With pictures left out, output exactly the lines of the listing below from the line that has "きょうは、2・4・6年生が運" to the line that has "Έφυγε από τη", both lines kept.

### RECORDS PROVIDED:
• • • • •

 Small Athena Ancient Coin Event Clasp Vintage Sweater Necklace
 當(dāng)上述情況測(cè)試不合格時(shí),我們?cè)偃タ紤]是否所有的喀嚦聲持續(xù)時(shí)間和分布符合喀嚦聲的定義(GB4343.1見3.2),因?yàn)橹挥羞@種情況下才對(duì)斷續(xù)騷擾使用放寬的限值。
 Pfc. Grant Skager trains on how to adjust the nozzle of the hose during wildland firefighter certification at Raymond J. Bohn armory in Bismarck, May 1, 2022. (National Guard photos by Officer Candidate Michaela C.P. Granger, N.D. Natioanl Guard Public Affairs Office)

• • • • •

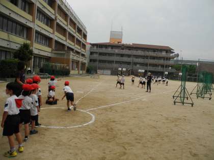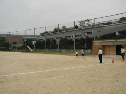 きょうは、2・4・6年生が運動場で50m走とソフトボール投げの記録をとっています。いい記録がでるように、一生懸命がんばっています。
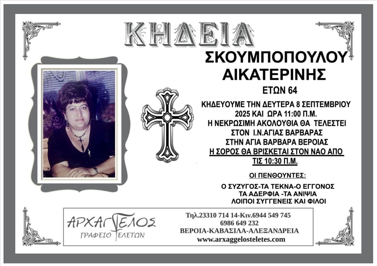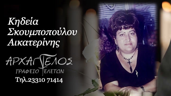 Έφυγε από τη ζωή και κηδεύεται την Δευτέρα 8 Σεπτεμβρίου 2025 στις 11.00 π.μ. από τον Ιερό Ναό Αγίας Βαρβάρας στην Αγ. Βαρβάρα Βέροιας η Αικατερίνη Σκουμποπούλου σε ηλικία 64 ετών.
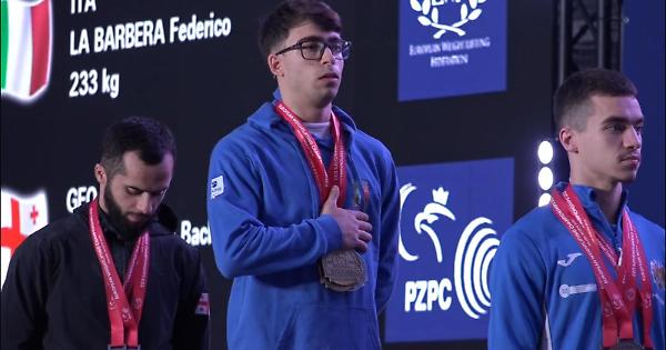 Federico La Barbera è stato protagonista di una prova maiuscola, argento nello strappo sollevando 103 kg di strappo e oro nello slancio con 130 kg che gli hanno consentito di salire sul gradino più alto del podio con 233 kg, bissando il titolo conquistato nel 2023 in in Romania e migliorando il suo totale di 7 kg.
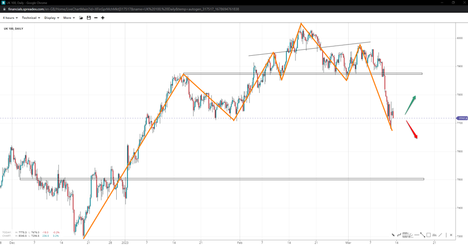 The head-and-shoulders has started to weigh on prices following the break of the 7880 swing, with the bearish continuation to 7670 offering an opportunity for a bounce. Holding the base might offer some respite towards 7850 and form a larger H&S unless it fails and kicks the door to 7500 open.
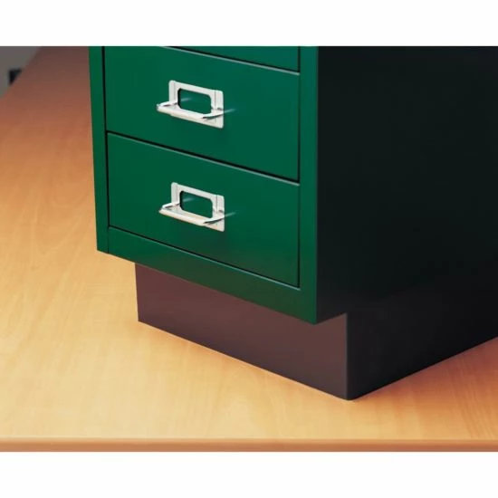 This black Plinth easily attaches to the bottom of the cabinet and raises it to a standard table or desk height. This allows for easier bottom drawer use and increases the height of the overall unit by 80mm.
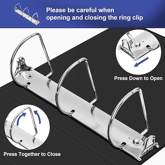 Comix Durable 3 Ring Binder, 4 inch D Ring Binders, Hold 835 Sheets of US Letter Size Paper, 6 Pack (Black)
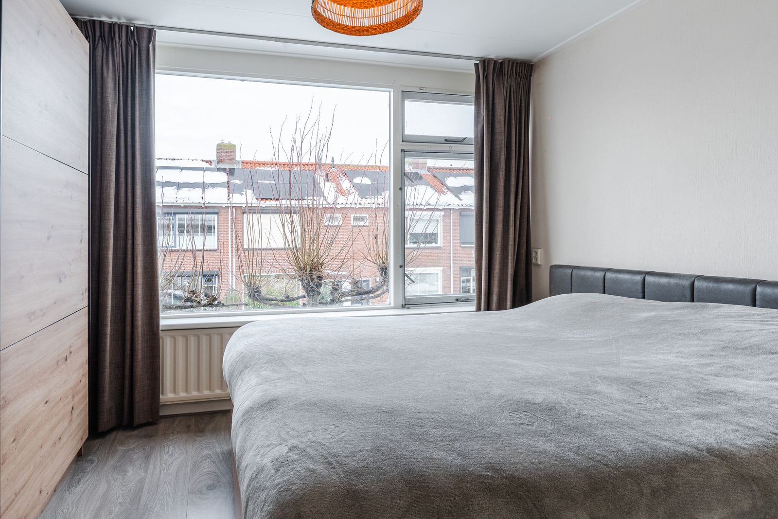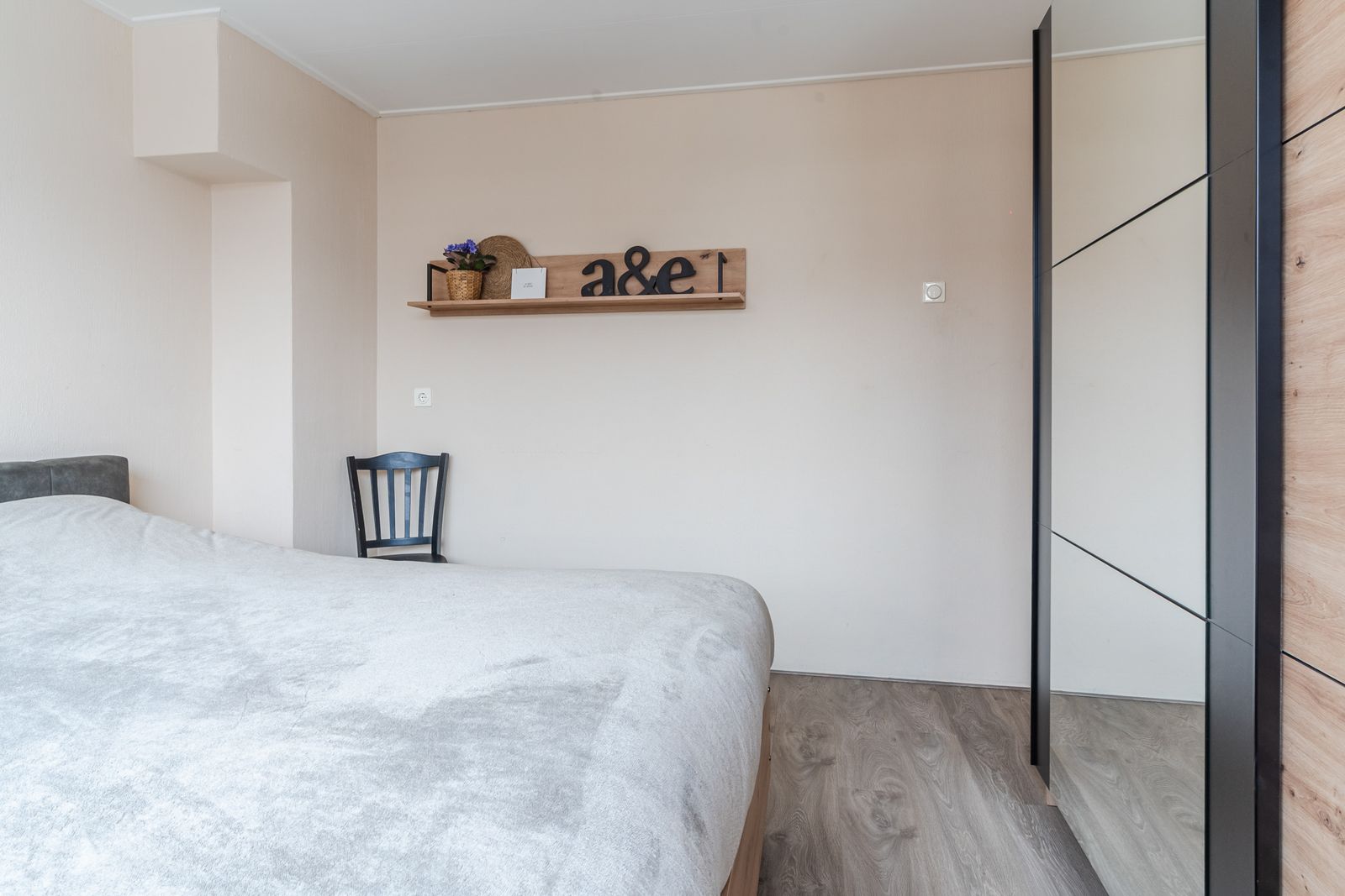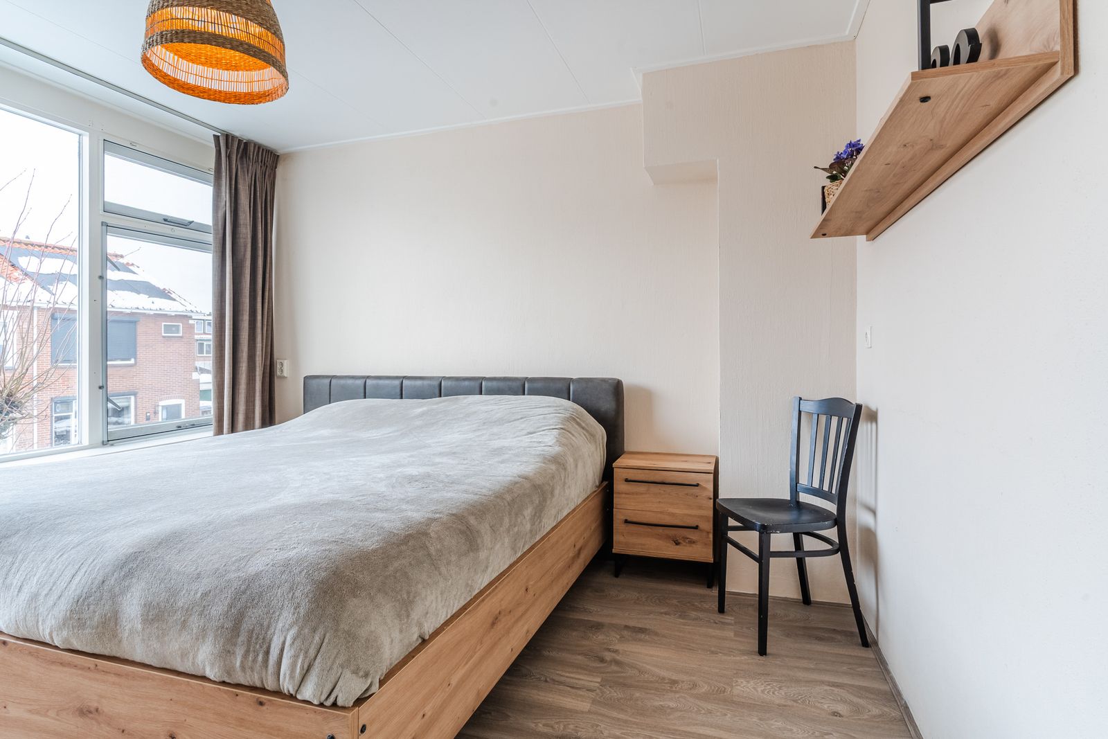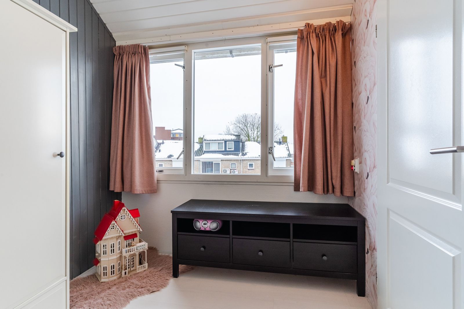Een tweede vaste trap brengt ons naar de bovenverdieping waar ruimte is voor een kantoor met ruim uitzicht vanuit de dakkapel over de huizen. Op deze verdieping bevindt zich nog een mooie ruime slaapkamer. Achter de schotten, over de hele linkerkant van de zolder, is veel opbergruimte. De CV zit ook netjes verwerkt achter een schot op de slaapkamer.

• • • • •

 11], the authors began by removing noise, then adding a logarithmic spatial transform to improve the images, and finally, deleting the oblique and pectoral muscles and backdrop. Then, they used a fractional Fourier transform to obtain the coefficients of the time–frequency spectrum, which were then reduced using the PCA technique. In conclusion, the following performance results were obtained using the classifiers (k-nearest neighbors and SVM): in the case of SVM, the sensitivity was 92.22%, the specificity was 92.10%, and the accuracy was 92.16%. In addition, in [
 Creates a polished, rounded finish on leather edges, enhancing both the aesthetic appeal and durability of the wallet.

• • • • •

### REPLY TO THE TASK:
 きょうは、2・4・6年生が運動場で50m走とソフトボール投げの記録をとっています。いい記録がでるように、一生懸命がんばっています。
 Έφυγε από τη ζωή και κηδεύεται την Δευτέρα 8 Σεπτεμβρίου 2025 στις 11.00 π.μ. από τον Ιερό Ναό Αγίας Βαρβάρας στην Αγ. Βαρβάρα Βέροιας η Αικατερίνη Σκουμποπούλου σε ηλικία 64 ετών.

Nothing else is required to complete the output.